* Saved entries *
- - - - -

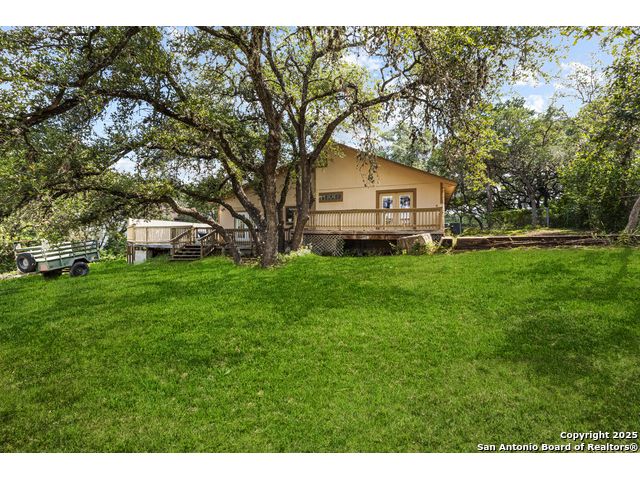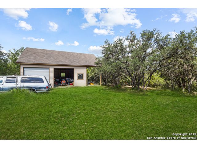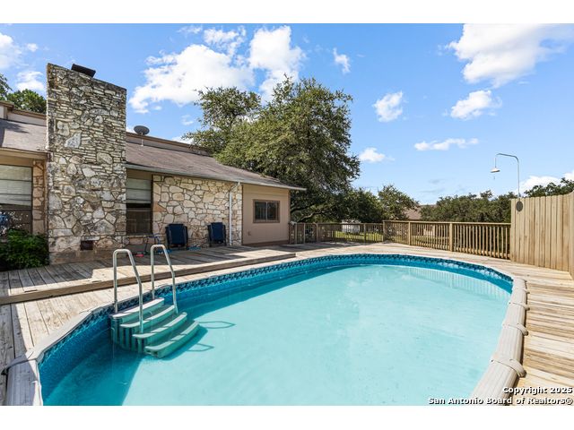 **Over an acre in San Antonio with no mandatory HOA-a rare find.** This home includes an additional bedroom, making it a 4-bed, 2-bath residence set on a 1.05-acre homesite (~45,738 sq ft). A central atrium/courtyard brings in natural light and adds architectural character. The private primary suite is split from the secondary bedrooms, while two additional flex spaces offer options for a home office, playroom, or gym. Outside, enjoy an above-ground pool with a wooden deck, a spacious backyard with room for pets, projects, or parking, plus a detached garage/shop perfect for vehicles, storage, or hands-on projects. Conveniently located just off the highway-behind Nardis Gun Club and 7 minutes from SeaWorld-this property blends elbow room with quick city access. Voluntary HOA adds flexibility. All personal property will be removed prior to closing. If you've been looking for space without heavy restrictions, this is it. Schedule your showing today!
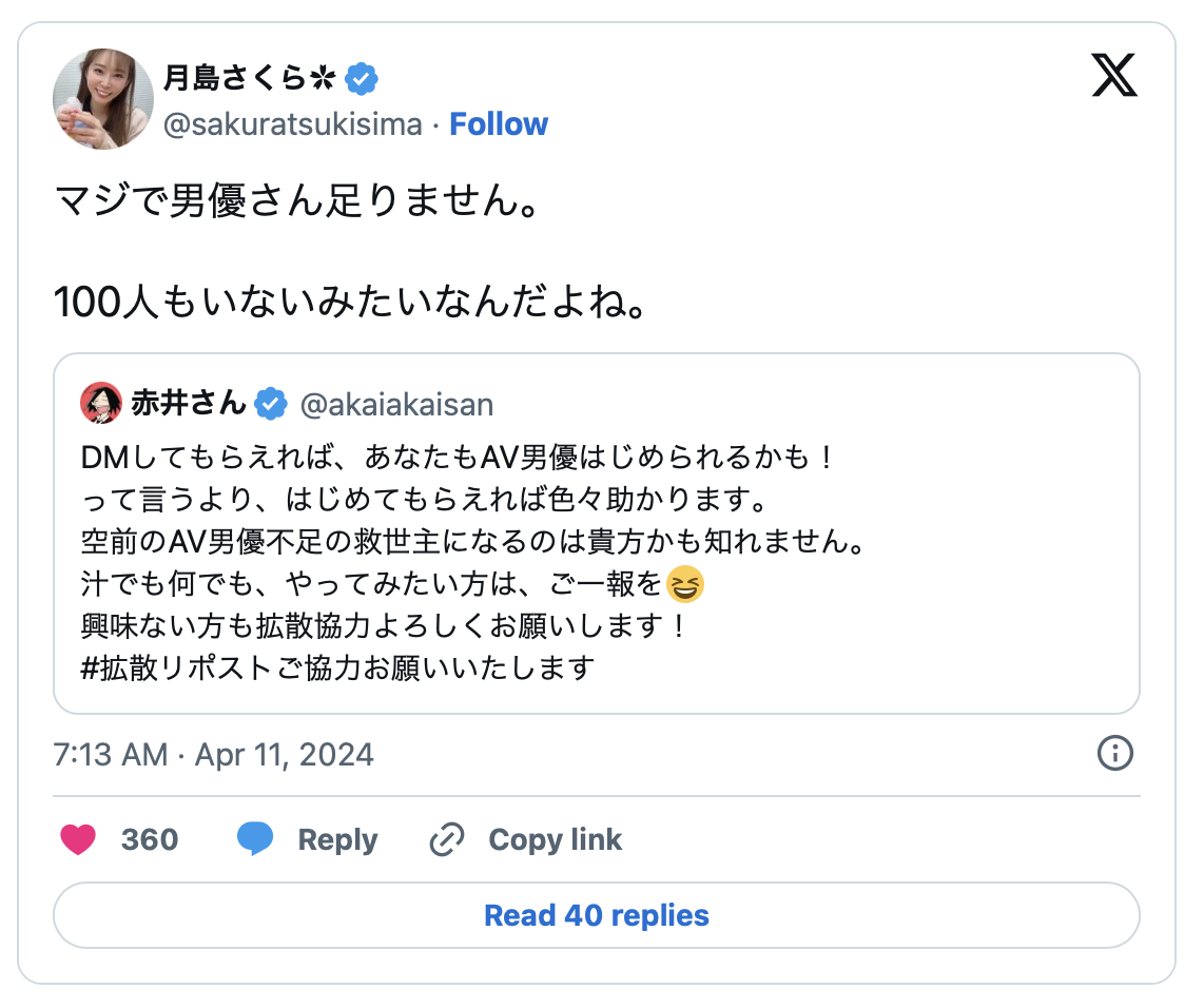 业界反新法的代表人物,也是AV女优的月岛さくら(月岛樱)证实了赤井さん的说法,她说目前业界的男优应该不足100人吧,对比女优如雨后春笋般地出道真的是敌众我寡棒子不够用,状况不太妙⋯
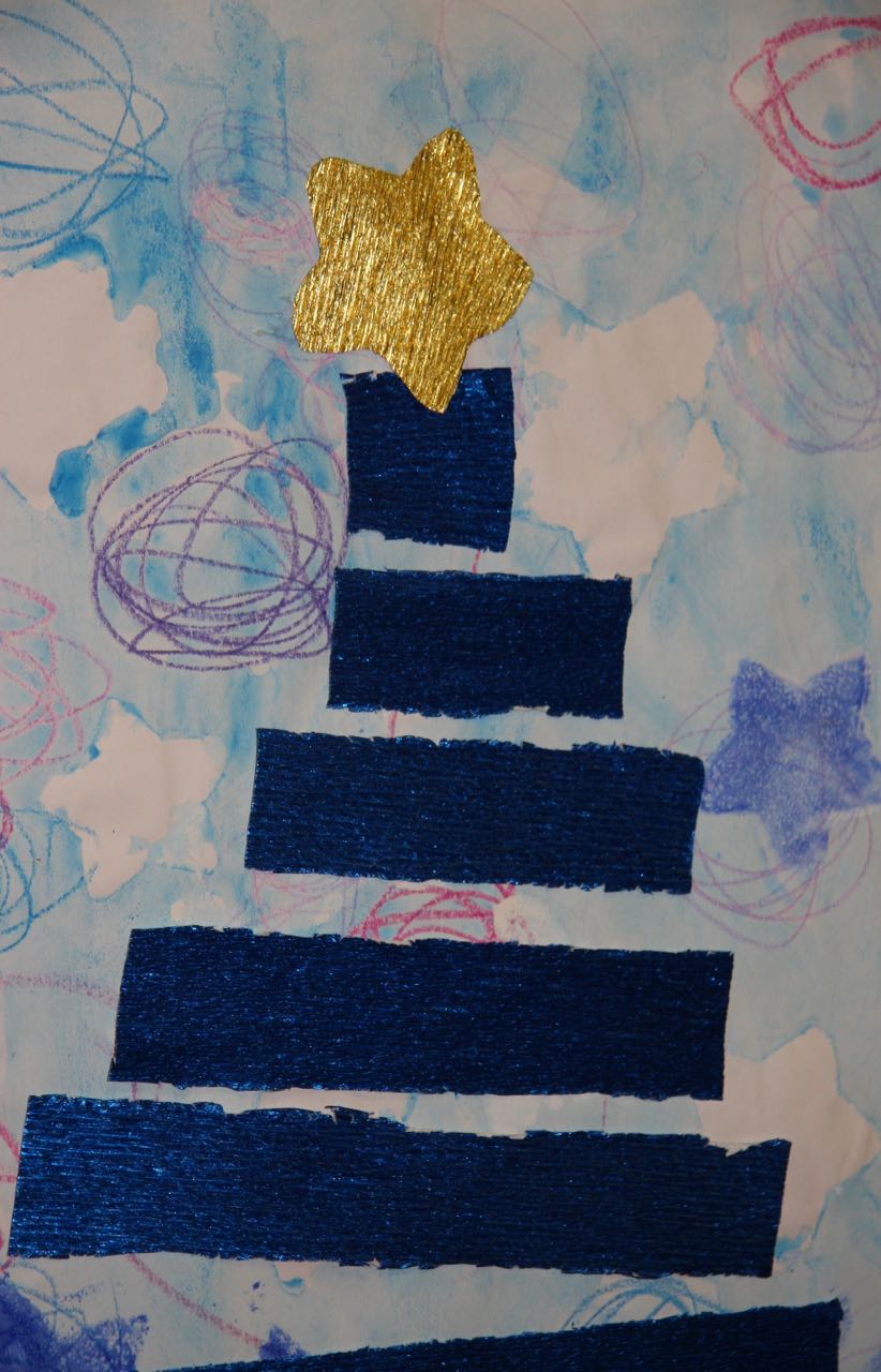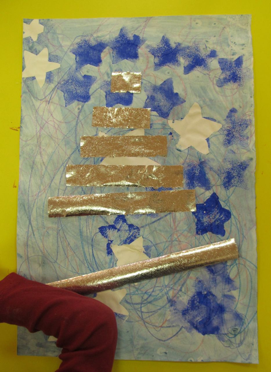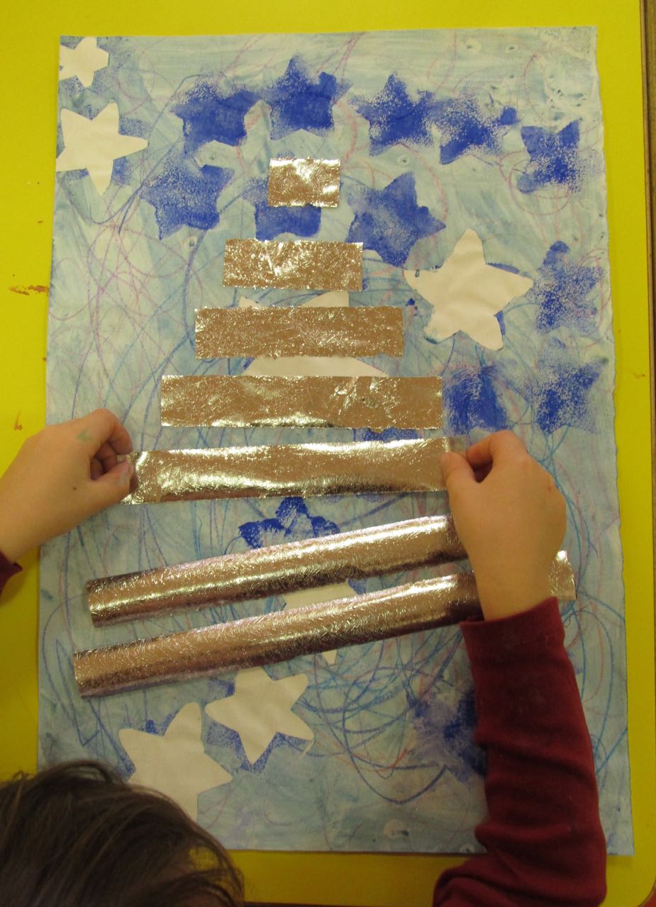 11. L’enfant colle, sur le papier qui a préparé avant, les rectangles en ordre croissant ou dégressif et réalise ainsi le sapin.
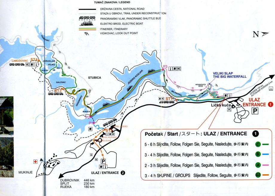 シュプリャラ洞窟は上に向かって穴が開いていて、急な階段を登るとST1のバス停に続く遊歩道に出ました。再び階段を下りてカルジェロバッツ湖の湖岸の遊歩道を歩き、今日最初に下りた九十九折れの道を登って3時17分、エントランス1に戻りました。
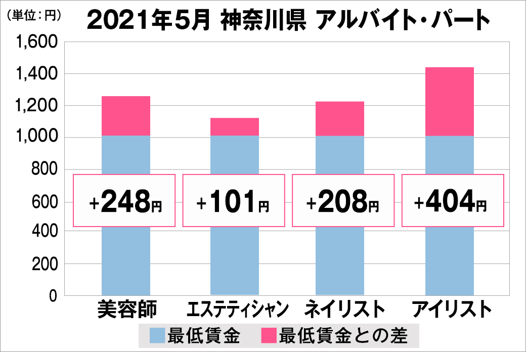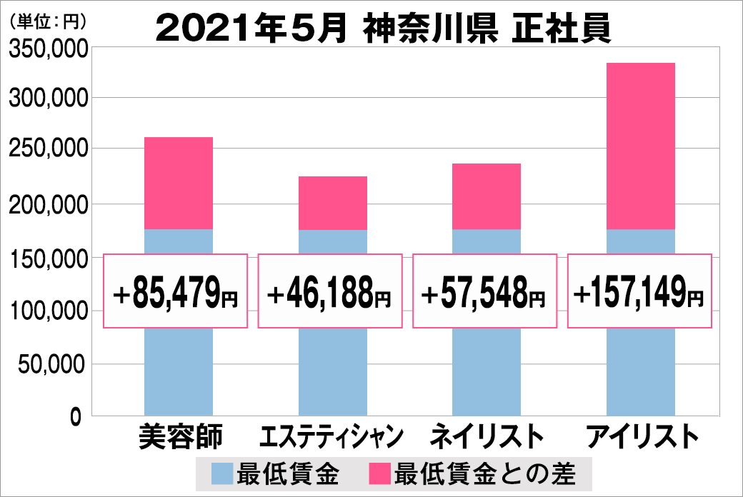 2021年5月時点で『美プロ』に掲載されている「神奈川県」の「美容師・エステティシャン・ネイリスト・アイリスト」求人原稿における「正社員」「アルバイト・パート」の給料を抽出。
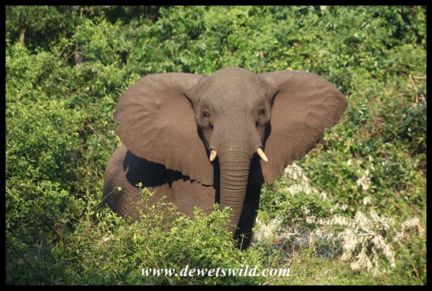 CapeVidal_24Mar2022_Joubert (4) ← Previous Next → Elephant cow emerging from the forest to find us in her way (don’t worry, we moved away quickly!)(photo by Joubert)
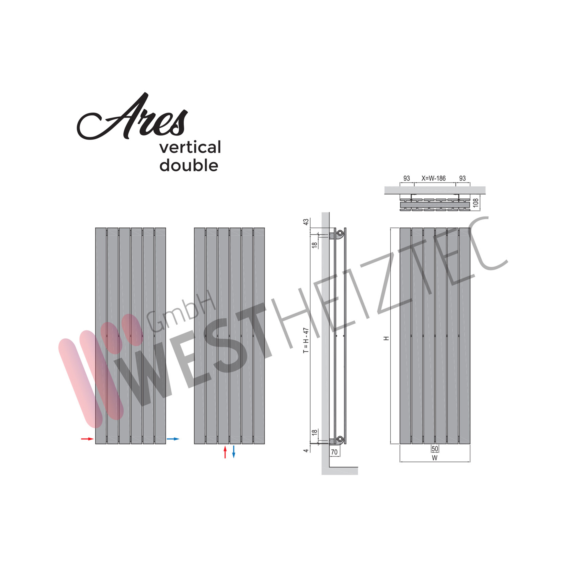 Paneelheizkörper, ARES, vertical, doppelagig, anthrazit
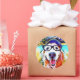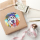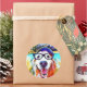 Estes adesivos redondos apresentam uma pintura de arte vibrante de um sorridente cão que recupera o ouro, que está vestindo um chapéu e óculos de nerd pretos.
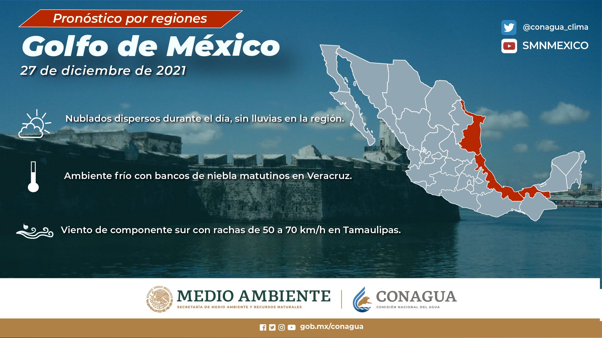 El pronóstico del tiempo para este lunes 27 de diciembre es cielo nublado disperso durante el día y 'surada' de hasta 50 a 70 km/h en Tamaulipas.
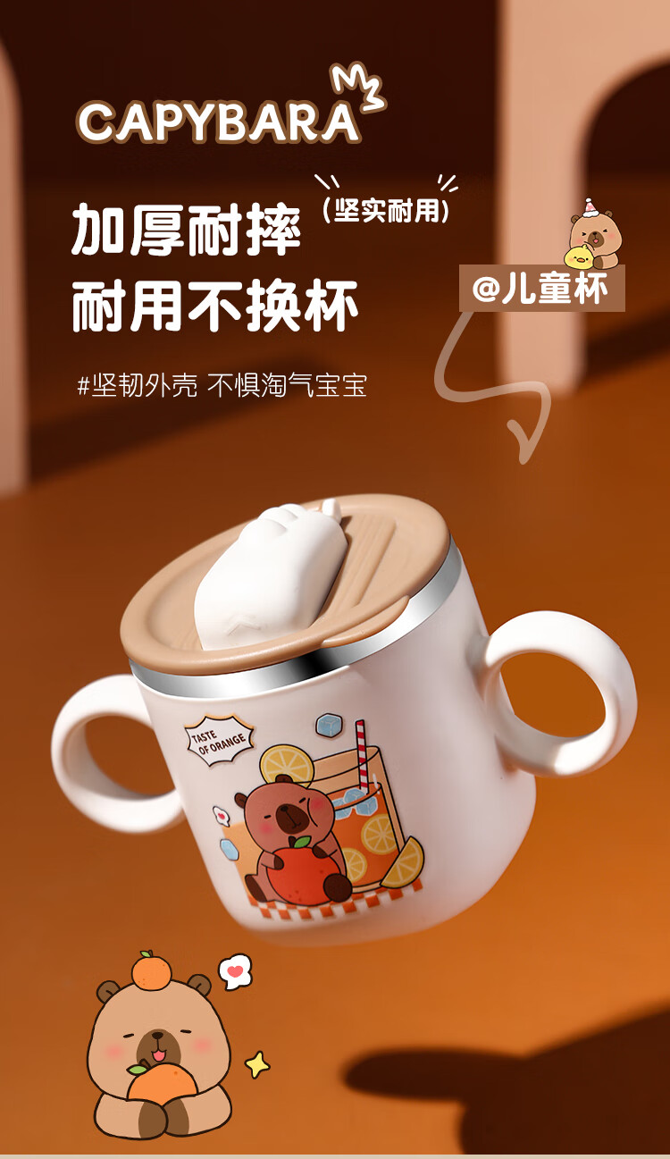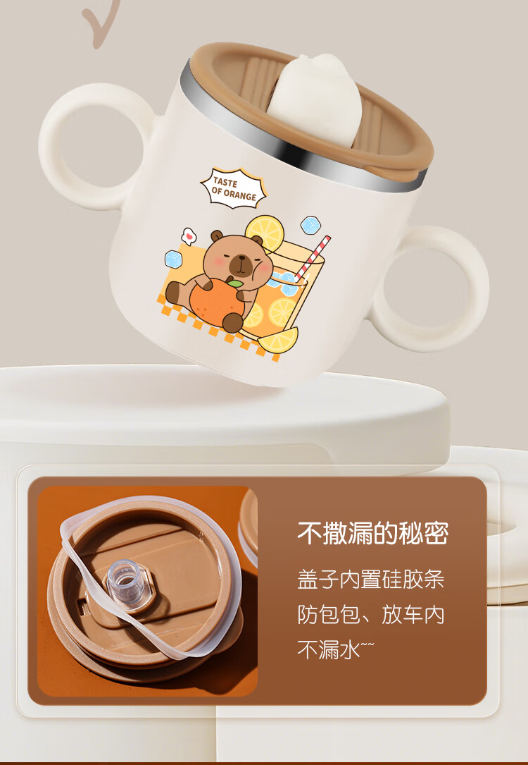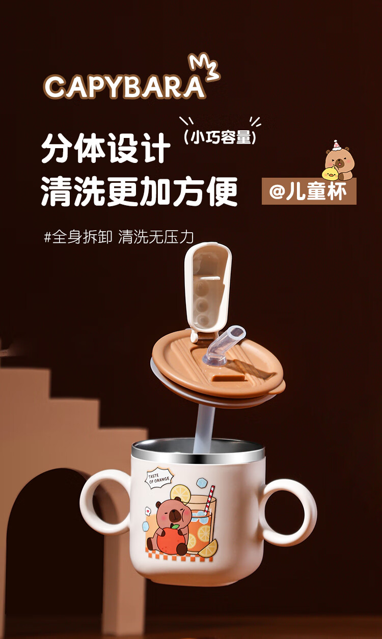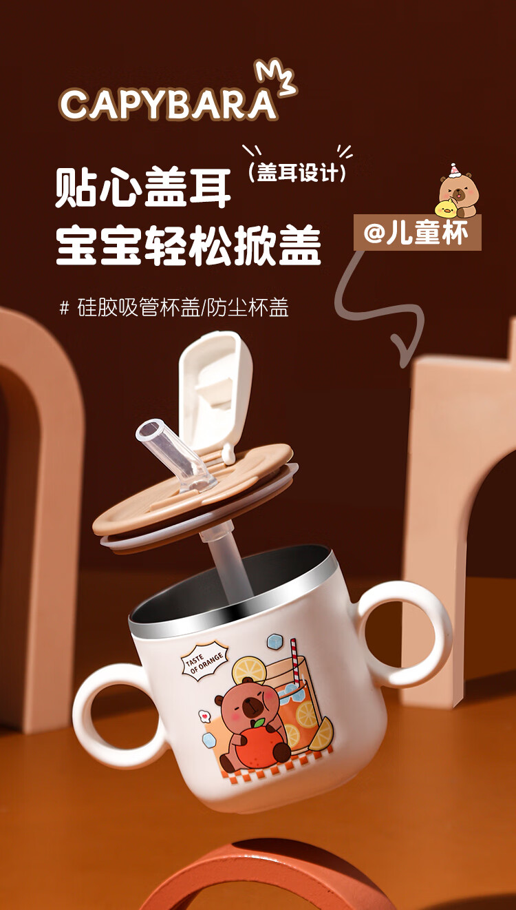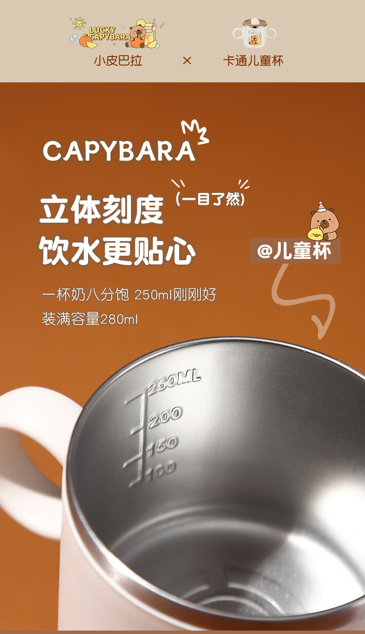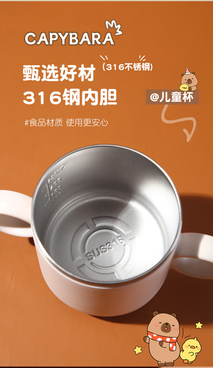 MPPMCK儿童饮水杯3-6岁316不锈钢儿童吸管杯带盖宝宝家用带刻度喝水杯幼 280ml 316小皮巴拉吸管杯

- - - - -

* Task instructions *
In the entries above, find the line containing "Estes adesivos redondos". Transcribe it and every later line to the end, exactly, and leave out the pictures.

* Task answer *
 Estes adesivos redondos apresentam uma pintura de arte vibrante de um sorridente cão que recupera o ouro, que está vestindo um chapéu e óculos de nerd pretos.
 El pronóstico del tiempo para este lunes 27 de diciembre es cielo nublado disperso durante el día y 'surada' de hasta 50 a 70 km/h en Tamaulipas.
 MPPMCK儿童饮水杯3-6岁316不锈钢儿童吸管杯带盖宝宝家用带刻度喝水杯幼 280ml 316小皮巴拉吸管杯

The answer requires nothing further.